Now, though, as QE is wound back and real supply and demand fundamentals return to oil and gas markets, many of those jobs are in jeopardy.

This “papering over” hasn’t actually worked that well, though. If you look close enough the cracks should hit you right between the eyes.

Here is some more data to consider, from a recent study by the US Information Technology and Innovation Foundation (ITIF):

  • At the end of 2013 (the most recent year available) real manufacturing value added – the best measure of US manufacturing health – was still 3.2% below 2007 levels, despite GDP growth of 5.6%.
  • 2007 was the recent high-water mark for US manufacturing. Despite the on-and-off US recovery since June 2009, the ITIF study notes that “there are still two million fewer jobs and 15,000 fewer manufacturing establishments [in the US] than there were in 2007”.

The ITIF study reached the conclusion that “reshoring” – a flood of US manufacturing from overseas – was largely a myth.

Here is why: You cannot create a manufacturing recovery without enough local demand. And, at the moment, lack of policy initiatives to tackle demographics guarantee not enough demand.

Here is something else that US policymakers need to recognise: The winding down of QE has boxed other countries into a corner. As the dollar strengthens and “hot money” flows back to the US, they feel that they have no choice but to weaken their currencies.

US politicians might want to blame foreign countries for this – i.e. nobody forced them to ratchet-up debt to unsustainable levels when the US dollar was very weak and there was no prospect of a US interest-rate rise.

In response to this, though, I want to say these two things.

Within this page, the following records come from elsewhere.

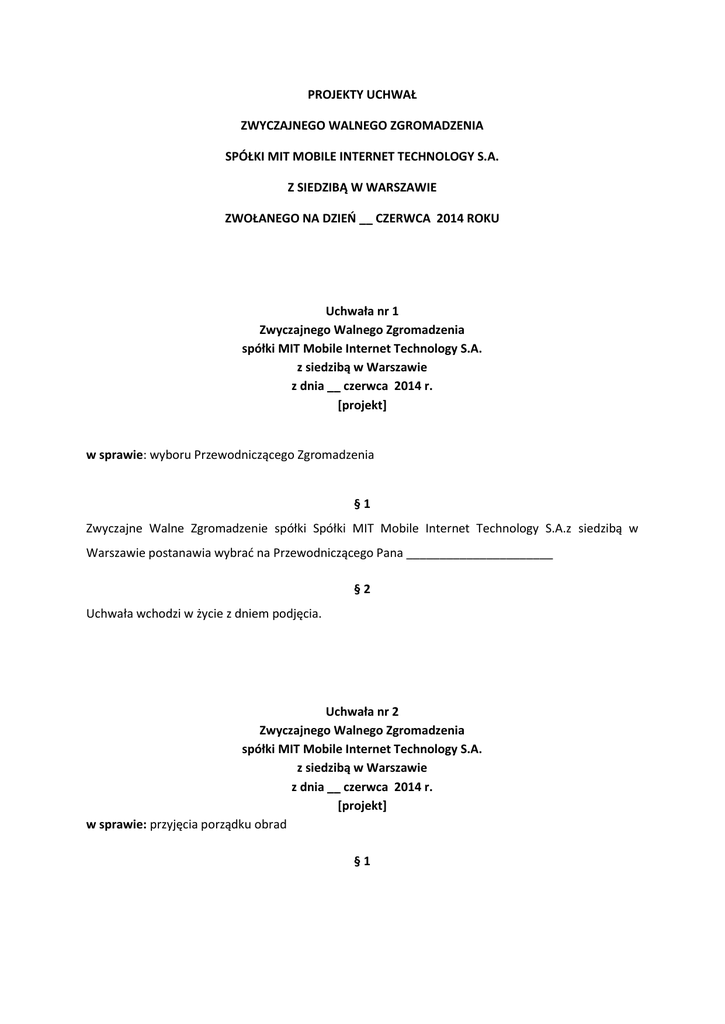 PROJEKTY UCHWAŁ ZWYCZAJNEGO WALNEGO ZGROMADZENIA SPÓŁKI MIT MOBILE INTERNET TECHNOLOGY S.A. Z SIEDZIBĄ W WARSZAWIE ZWOŁANEGO NA DZIEŃ __ CZERWCA 2014 ROKU Uchwała nr 1 Zwyczajnego Walnego Zgromadzenia spółki MIT Mobile Internet Technology S.A. z siedzibą w Warszawie z dnia __ czerwca 2014 r. [projekt] w sprawie: wyboru Przewodniczącego Zgromadzenia §1 Zwyczajne Walne Zgromadzenie spółki Spółki MIT Mobile Internet Technology S.A.z siedzibą w Warszawie postanawia wybrać na Przewodniczącego Pana ______________________ §2 Uchwała wchodzi w życie z dniem podjęcia. Uchwała nr 2 Zwyczajnego Walnego Zgromadzenia spółki MIT Mobile Internet Technology S.A. z siedzibą w Warszawie z dnia __ czerwca 2014 r. [projekt] w sprawie: przyjęcia porządku obrad §1 Zwyczajne Walne Zgromadzenie spółki Spółki MIT Mobile Internet Technology S.A.z siedzibą w Warszawie postanawia przyjąć następujący porządek obrad Zwyczajnego Walnego Zgromadzenia zwołanego na dzień dzisiejszy o następującej treści: 1. Otwarcie obrad Zwyczajnego Walnego Zgromadzenia Akcjonariuszy. 2. Wybór Przewodniczącego Zgromadzenia. 3. Sporządzenie listy obecności oraz stwierdzenie prawidłowości zwołania Zgromadzenia oraz sprawdzenie zdolności Zgromadzenia do podejmowania ważnych i skutecznych uchwał. 4. Przyjęcie porządku obrad. 5. Rozpatrzenie sprawozdania Zarządu z działalności spółki MIT Mobile Internet Technology S.A. za rok obrotowy 2013. 6. Rozpatrzenie jednostkowego sprawozdania finansowego spółki MIT Mobile Internet Technology S.A. za rok obrotowy 2013. 7. Rozpatrzenie skonsolidowanego sprawozdania finansowego spółki MIT Mobile Internet Technology S.A. za rok obrotowy 2013. 8. Rozpatrzenie wniosku Zarządu w sprawie podziału zysku spółki MIT Mobile Internet Technology S.A. za rok obrotowy 2013. 9. Przedstawienie i rozpatrzenie przez Radę Nadzorczą sprawozdania z wyników oceny: sprawozdania finansowego Spółki za rok obrotowy 2013, sprawozdania Zarządu z działalności Spółki w roku obrotowym 2013 oraz wniosku w sprawie podziału zysku spółki MIT Mobile Internet Technology S.A. za rok obrotowy 2013. 10. Podjęcie uchwał w sprawach: a) zatwierdzenia sprawozdania z działalności spółki MIT Mobile Internet Technology S.A. za rok obrotowy 2013; b) zatwierdzenia jednostkowego sprawozdania finansowego spółki MIT Mobile Internet Technology S.A. za rok obrotowy 2013; c) zatwierdzenia skonsolidowanego sprawozdania finansowego spółki MIT Mobile Internet Technology S.A. za rok obrotowy 2013; d) podziału zysku spółki MIT Mobile Internet Technology S.A. za rok obrotowy 2013; e) zatwierdzenia sprawozdania Rady Nadzorczej z działalności w 2013 roku; f) udzielenia poszczególnym członkom Zarządu i Rady Nadzorczej spółki MIT Mobile Internet Technology S.A. absolutorium z wykonania przez nich obowiązków w roku 2013; 11. Podjęcie uchwał w sprawie zmian w składzie w Radzie Nadzorczej. 12. Podjęcie dalszych uchwał w sprawach: a) zgody na nabycie akcji własnych Spółki; b) umorzenia akcji własnych Spółki; c) obniżenia kapitału zakładowego Spółki; d) scalenia akcji Spółki; e) udzielenia upoważnienia dla Zarządu do dokonywania wszelkich czynności faktycznych i prawnych niezbędnych do przeprowadzenia scalenia akcji Spółki; f) zmiany Statutu Spółki; g) upoważnienia Rady Nadzorczej Spółki do przyjęcia tekstu jednolitego Statutu. 13. Wolne wnioski. 14. Zamknięcie obrad Zgromadzenia. §2 Uchwała wchodzi w życie z dniem podjęcia. Uchwała wchodzi w życie z dniem podjęcia. Uchwała nr 3 Zwyczajnego Walnego Zgromadzenia spółki MIT Mobile Internet Technology S.A. z siedzibą w Warszawie z dnia __ czerwca 2014 r. [projekt] w sprawie: zatwierdzenia sprawozdania Zarządu z działalności spółki MIT Mobile Internet Technology S.A. za rok obrotowy 2013 Działając na podstawie art. 395 § 2 pkt 1 k.s.h. uchwala się, co następuje: § 1. Zwyczajne Walne Zgromadzenie spółki MIT Mobile Internet Technology S.A. z siedzibą w Warszawie postanawia zatwierdzić sprawozdanie Zarządu z działalności spółki MIT Mobile Internet Technology S.A. za rok obrotowy 2013. § 2. Uchwała wchodzi w życie z dniem podjęcia. Uchwała nr 4 Zwyczajnego Walnego Zgromadzenia spółki MIT Mobile Internet Technology S.A. z siedzibą w Warszawie z dnia __ czerwca 2014 r. [projekt] w sprawie: zatwierdzenia jednostkowego sprawozdania finansowego spółki MIT Mobile Internet Technology S.A. za rok obrotowy 2013 Działając na podstawie art. 395 § 2 pkt 1 k.s.h. uchwala się, co następuje: § 1. Zwyczajne Walne Zgromadzenie spółki MIT Mobile Internet Technology S.A. z siedzibą w Warszawie postanawia zatwierdzić sprawozdanie finansowe MIT Mobile Internet Technology S.A. za rok obrotowy 2013 obejmujące: - bilans sporządzony na dzień 31 grudnia 2013 roku, który po stronie aktywów i pasywów wykazuje sumę ___________________ złotych (słownie: _______________________), - rachunek zysków i strat za rok obrotowy 2013 wykazujący zysk netto w kwocie _____________ złotych (słownie: ____________________ ), - zestawienie zmian w kapitale (funduszu) własnym, wykazujące zwiększenie/zmniejszenie kapitału własnego za rok 2013 o kwotę ________ złotych (słownie: ________________________), - rachunek przepływów pieniężnych wykazujący zwiększenie/zmniejszenie stanu środków pieniężnych w 2013 roku o kwotę _____________ złotych (słownie: _________________________), - dodatkowe informacje i objaśnienia. § 2. Uchwała wchodzi w życie z dniem podjęcia. Uchwała nr 5 Zwyczajnego Walnego Zgromadzenia spółki MIT Mobile Internet Technology S.A. z siedzibą w Warszawie z dnia __ czerwca 2014 r. [projekt] w sprawie: zatwierdzenia skonsolidowanego sprawozdania finansowego grupy kapitałowej MIT Mobile Internet Technology za rok obrotowy 2013 Działając na podstawie art. 395 § 2 pkt 1 k.s.h. uchwala się, co następuje: § 1. Zwyczajne Walne Zgromadzen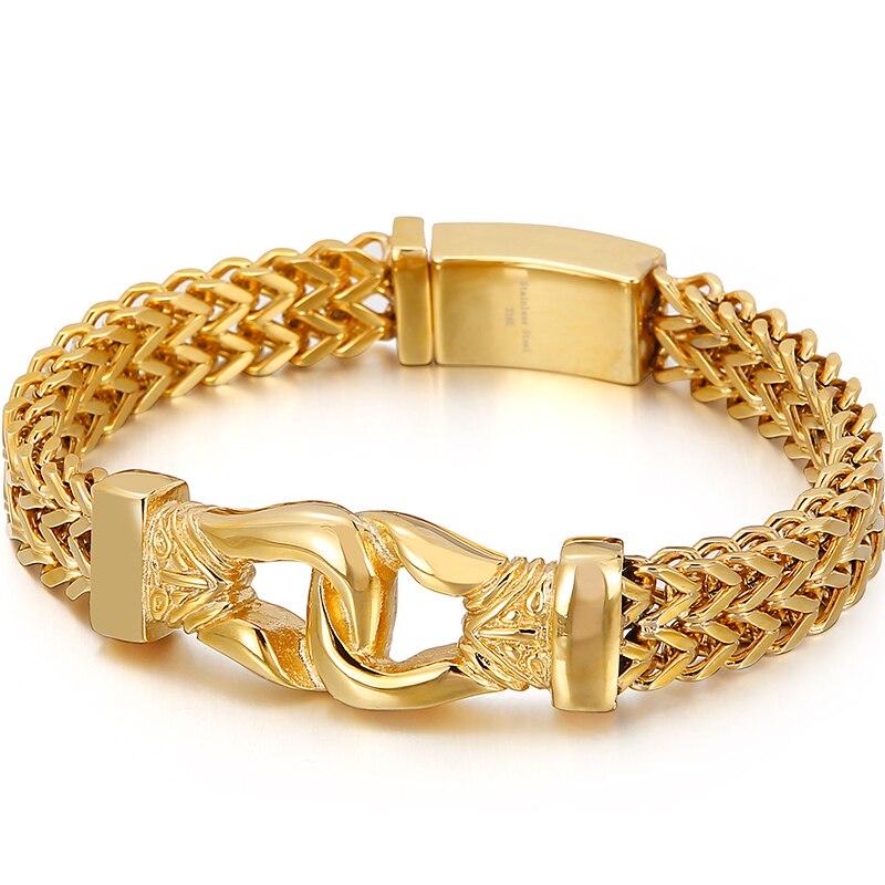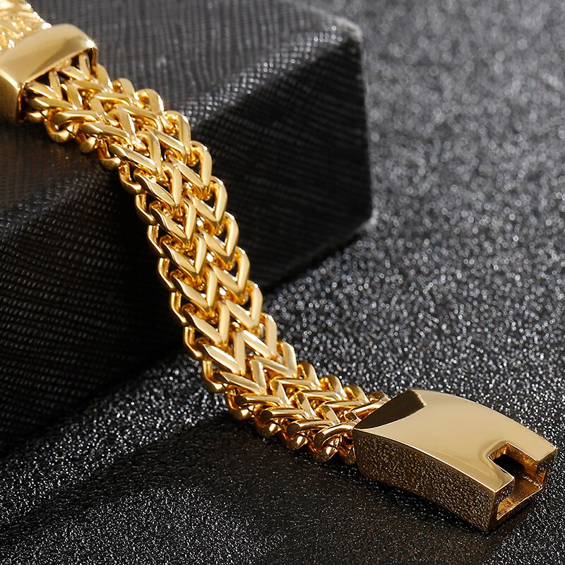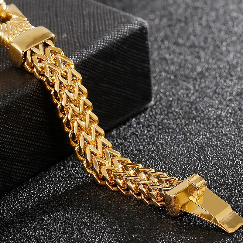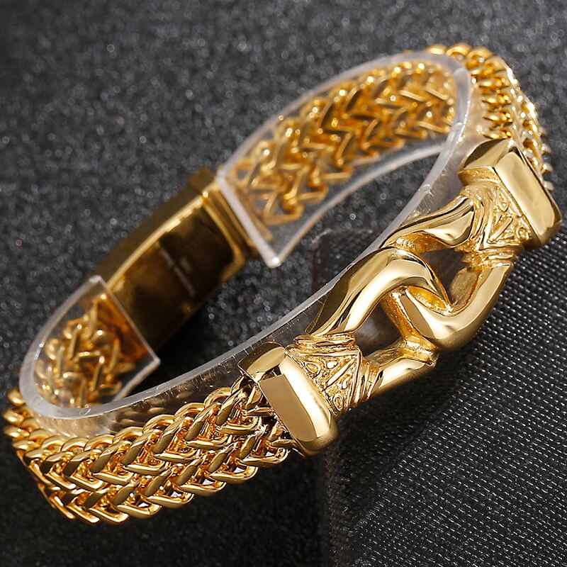 Pulsera de acero inoxidable chapada en oro de 11 mm para hombre, doble capa, con eslabones francos, cadena de eslabones, pulseras para hombre, joyería decorativa vikinga.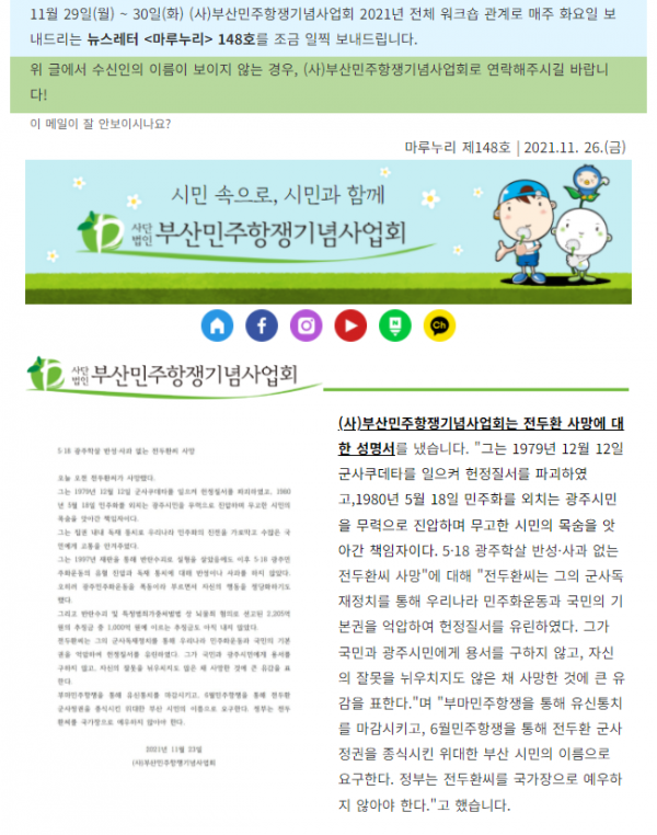 11월 민주달력을 담아 마루누리 146호를 보내드립니다. 부마민주항쟁 42주년을 기념하는 부마아카이브 전시 <이웃집 투사들>은 11월 21일(일)까지 민주공원 잡은펼쳐보임방(기획전시실)에서 열립니다. 소식지 『민주공원』 가을호(통권 162)도 발행했습니다.&…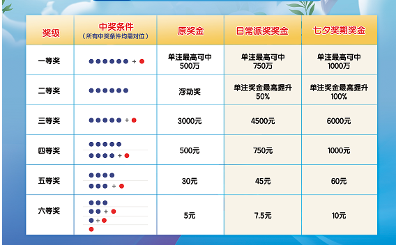 一等獎派獎總獎金1750萬,其中500萬元專項用于七夕特別獎期,由符合條件且中得一等獎的彩票按中獎注數(shù)均分。二等獎派獎總獎金200萬元,其中50萬元專項用于七夕特別獎期,由符合條件且中得二等獎的彩票按中獎注數(shù)均分。固定獎派獎總獎金3500萬元,其中500萬元專項用于七夕特別獎期,由符合條件且中得三至六等獎中任意獎級的彩票同時中得派獎獎金。七夕特別獎期外單注獎金最高提升50%,七夕特別獎期單注獎金最高可翻倍!活動期間,單票單期滿10元可參與(符合參與條件的多期票、套票、預(yù)售票按期參與)。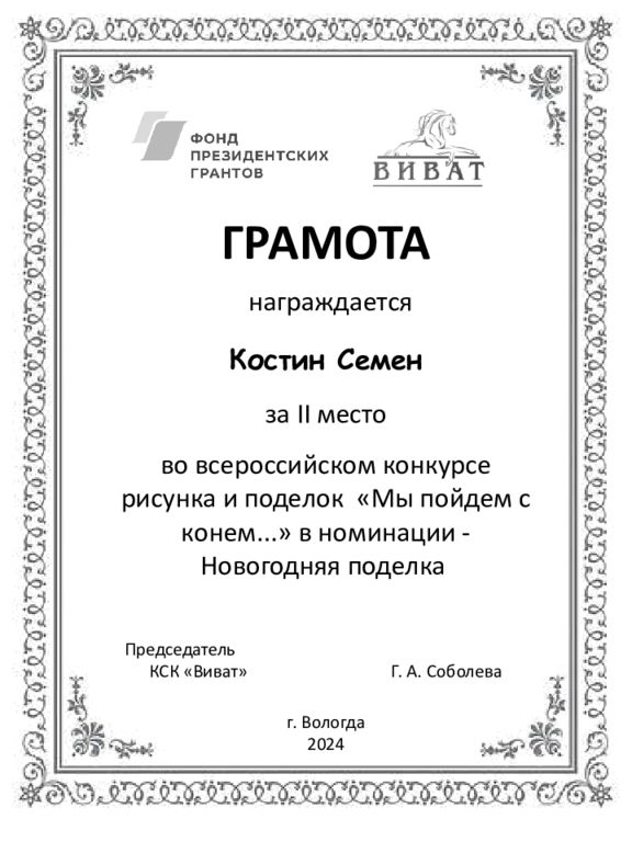 ГРАМОТА награждается Костин Семен за II место во всероссийском конкурсе рисунка и поделок «Мы пойдем с конем...» в номинации - Новогодняя поделка Председатель КСК «Виват» Г. А. Соболева г. Вологда 2024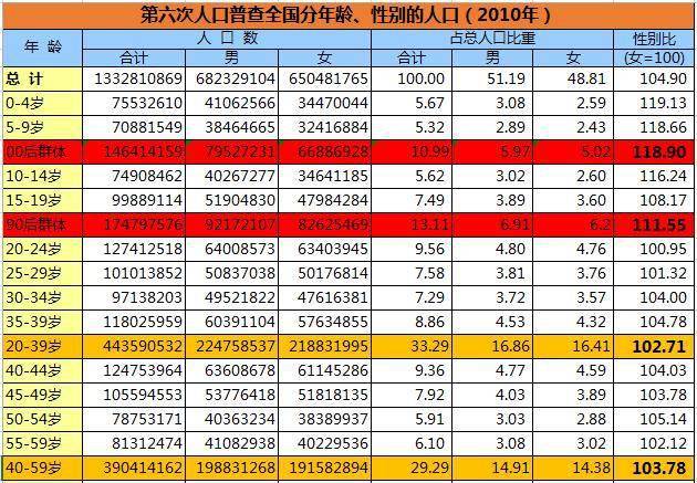 第六次人口普查数据显示,00后男女性别比达119,男性比女性多近1300万; 90后男女性别比达111,男性比女性多近900万。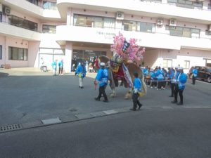 本日は前夜祭として、御神馬と踊り連の皆さまが当施設の正面で踊ってくださいました。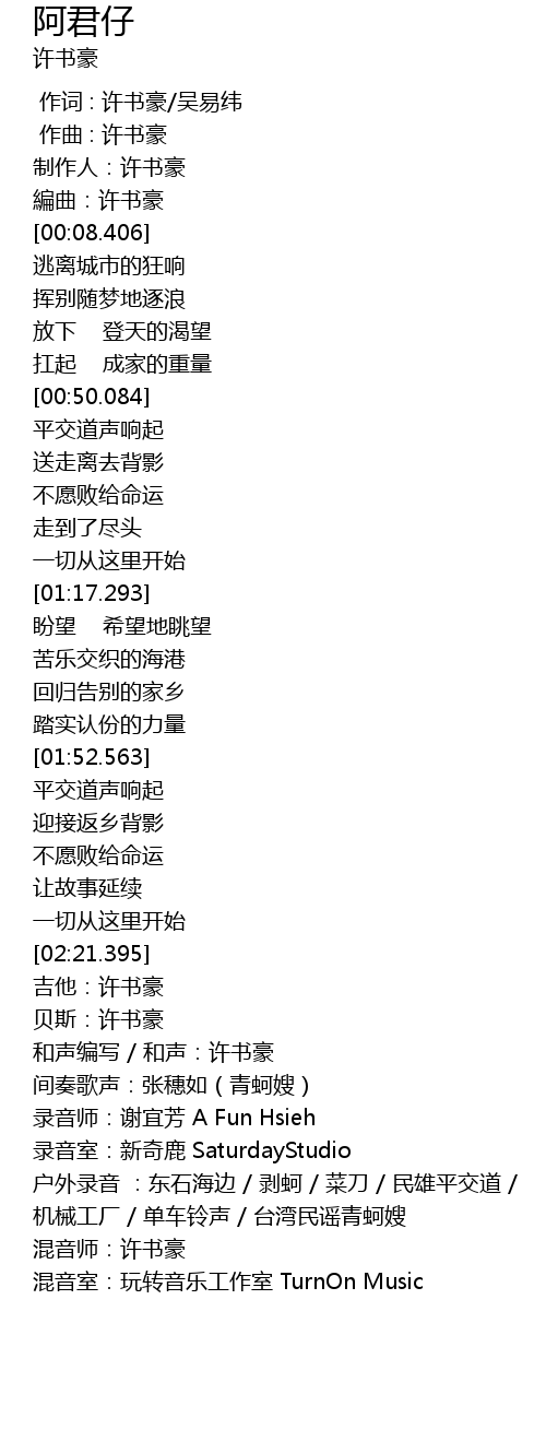 | [03:01.730] | 录音师:谢宜芳 A Fun Hsieh |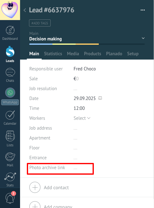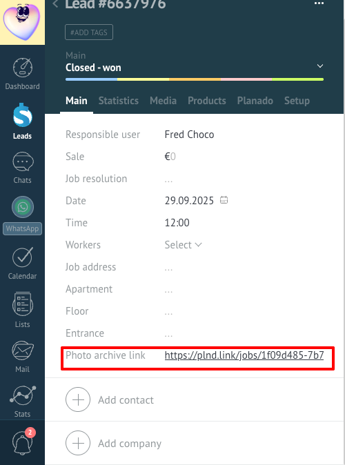 Now, when completing a job based on a deal, the link to the photo from the selected field will be transferred to the deal.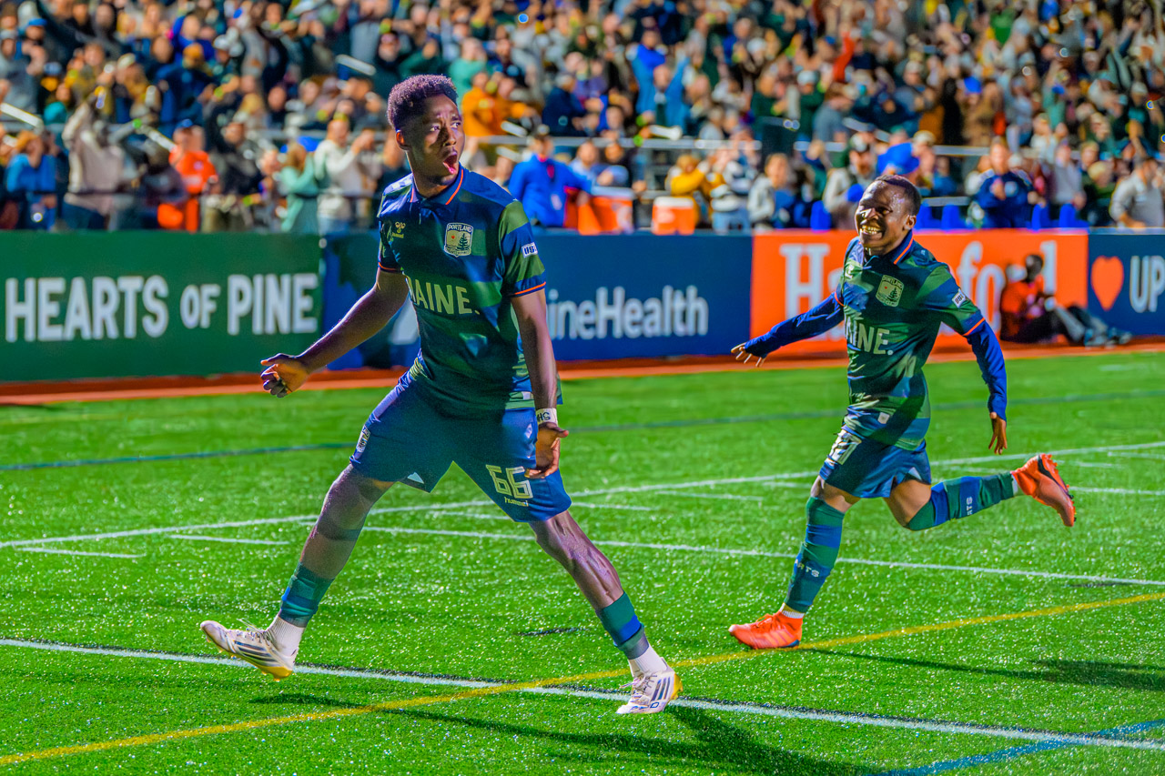 Kemali Green, No. 66, is congratulated after scoring the game-tying goal. Portland Hearts of Pine tie USL League One leaders Chattanooga Red Wolves SC 1-1 at Fitzpatrick Stadium. — PHOTO / JIM NEUGER
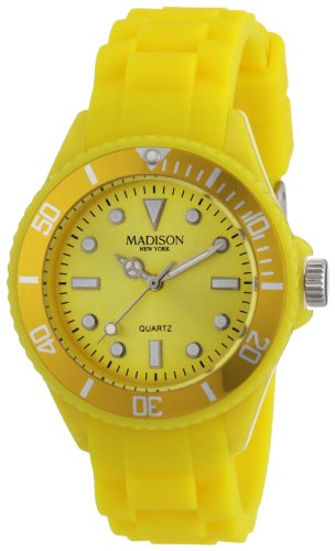 Détails du produitMadison New York - SL4167J - Montre Mixte - Quartz Analogique - Cadran Jaune - Bracelet Silicone Jaune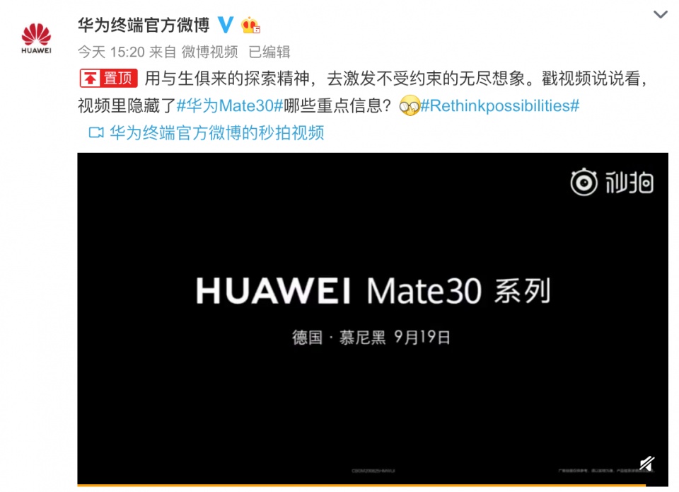 9月9日下午,@华为终端官方微博发布了华为Mate30系列的预热视频。其中有不少有关暗示华为Mate30系列功能的意象。从目前官方暗示的信息来看,华为Mate30系列的配置呼之欲出。下面就让小编带大家提前领略华为Mate30的风采吧!

  1. What is done is done. Debt is debt and it has to be dealt with regionally or globally. It simply have to be written off.
  2. “People in glass houses shouldn’t throw stones”. The US sub-prime crisis, and now the $1.2 trillion spent on oil and gas, much of it wasted, shows how the US economy is also highly debt-driven.

Finally, and most importantly of all, I need to talk about China’s particular problems with QE.

It, too, like other emerging economies, is suffering from a stronger dollar as its export competitiveness declines. What makes this an especially big deal is that its economic growth is slowing very alarmingly as it attempts its boldest, most sweeping set of economic reforms for at least 20 years.

China has few good policy options left other than being forced into devaluing the Yuan in order to protect jobs and compensate for the unwinding of the “China carry trade”.

Sure, US legislators might decide to penalise China and other emerging countries for doing what they strongly feel they simply have to do.

But the end result would be a rise in trade protectionism that I have long identified as a risk as the New Normal further develops. This will benefit nobody because when everybody throws up trade barriers everyone suffers.

A further longer term worry US politicians should, surely, also be this: Take on China at your peril as it is set to become the dominant global economic superpower. The “New Silk Road” project supports this argument. Do business in cooperation with China or do not do business at all.